**TASK BRIEF**
Where the line containing "KH-5012-C00,KH" appears below, begin there and reproduce each line exactly through the last one, omitting pictures.

[[ PROVIDED DATA open ]]

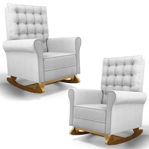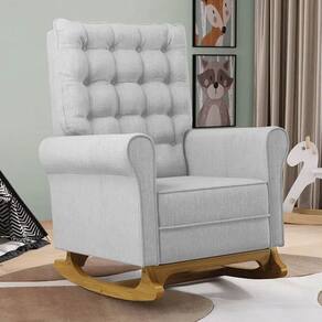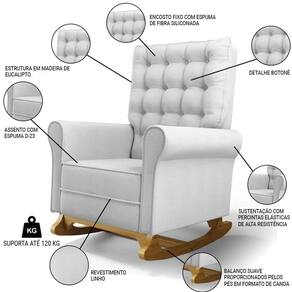 As Poltronas de Balanço são feitas com materiais de alta qualidade, estrutura em madeira de eucalipto, o tecido linho macio e resistente, e a espuma D23 a densidade ideal para o seu conforto, base em madeira com um lindo design e balanço suave, que ajuda a relaxar e a embalar o sono do seu bebê. Além disso, o Kit 2 Poltronas possui um design moderno e sofisticado, com detalhes em botonê revestido no encosto, que dão um toque de charme e elegância ao ambiente.
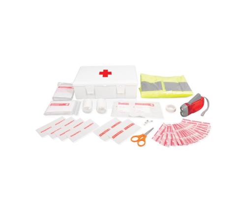 Plastic box, including 10 non-woven pads in 2 paper bags, 15 plasters, 8 alcohol pads, 4 moist towelettes, 2 PBT bandages, a triangular bandage, 2 pins, a paper tape, a pair of scissors, a hand-pressing torch, an emergency blanket, a EN471 compliant reflective vest, EN13485:2003 compliant
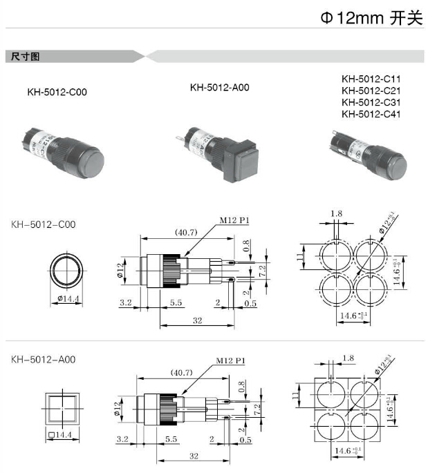 KH-5012-C00,KH-5012-C11,KH-5012-C21,KH-5012-A00,KH-5012-A11,KH-5012-A21,Koino Φ12mm開關(guān)
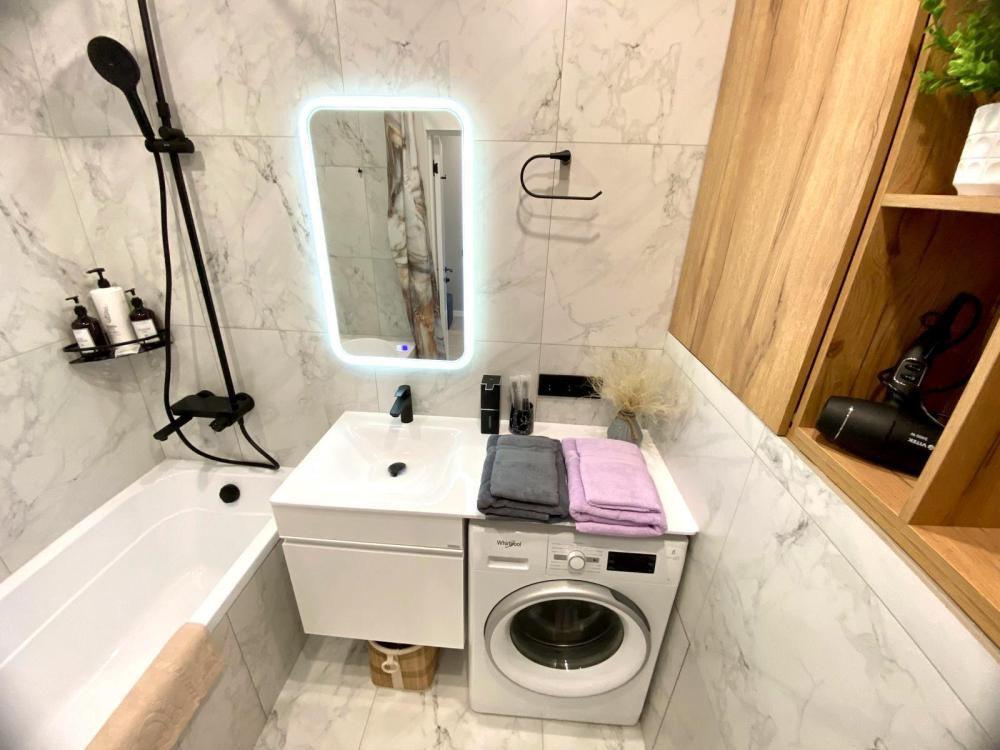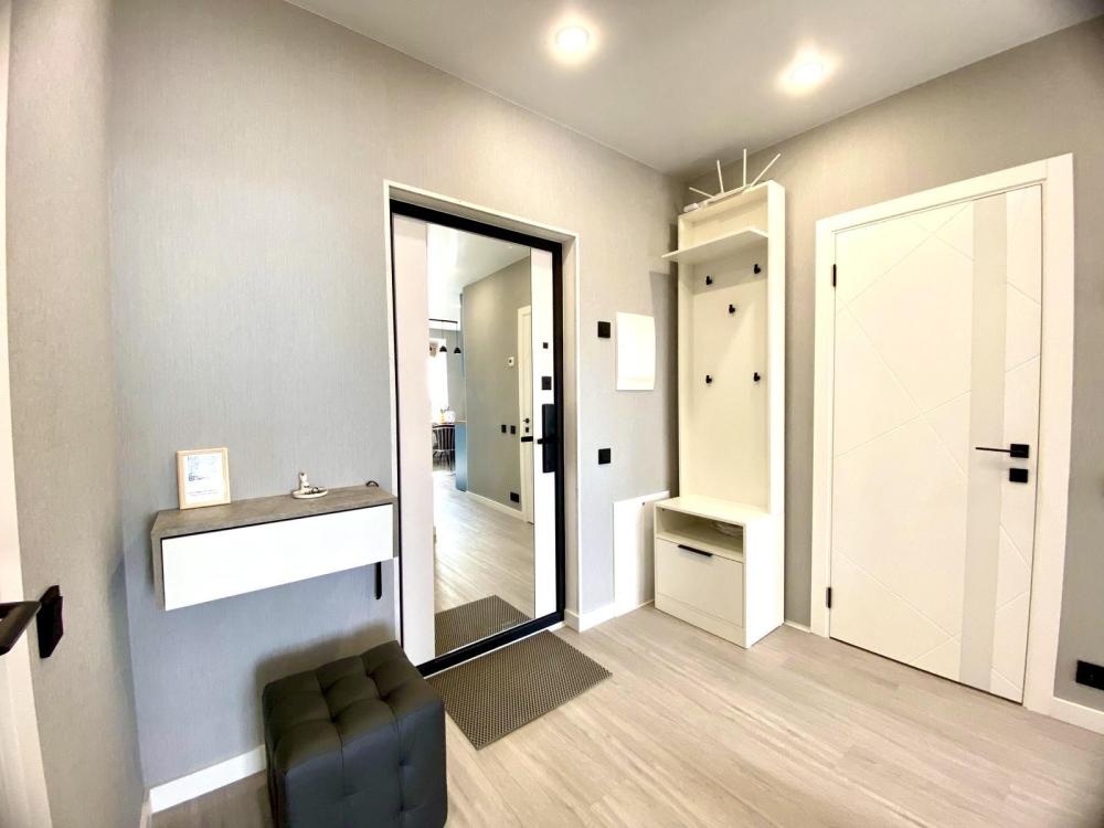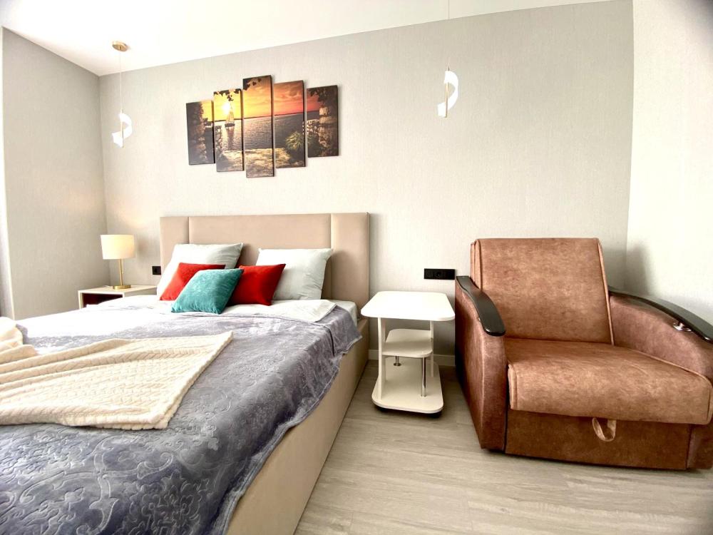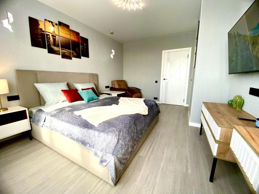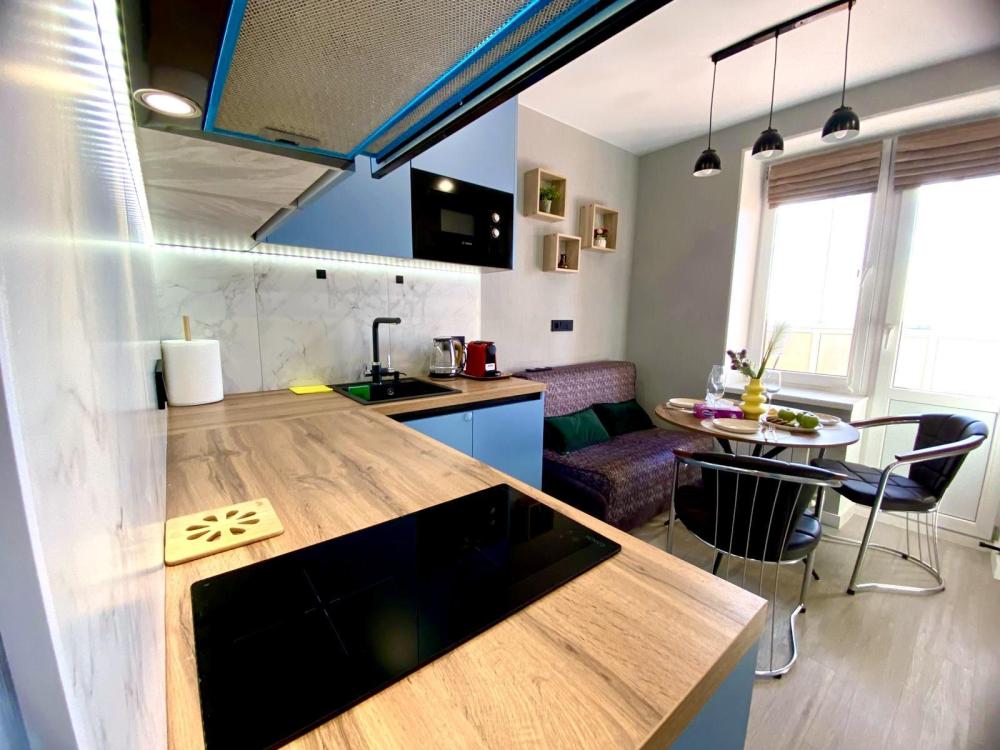 Уютные однокомнатные апартаменты. В квартире гостей всегда чистое постельное белье, полотенца, домашняя уютная обстановка, а также: плита и посуда для приготовления еды, холодильник, чайник, микроволновая печь, кофе машина, посудомоечная машина, фильтр для воды, водонагреватель, стиральная машинка, телевизор с умной колонкой, Wi-Fi, утюг, гладильная доска, сушилка для одежды, предметы гигиены.

[[ PROVIDED DATA closed ]]

**OUTPUT FOR THIS EXERCISE**
 KH-5012-C00,KH-5012-C11,KH-5012-C21,KH-5012-A00,KH-5012-A11,KH-5012-A21,Koino Φ12mm開關(guān)
 Уютные однокомнатные апартаменты. В квартире гостей всегда чистое постельное белье, полотенца, домашняя уютная обстановка, а также: плита и посуда для приготовления еды, холодильник, чайник, микроволновая печь, кофе машина, посудомоечная машина, фильтр для воды, водонагреватель, стиральная машинка, телевизор с умной колонкой, Wi-Fi, утюг, гладильная доска, сушилка для одежды, предметы гигиены.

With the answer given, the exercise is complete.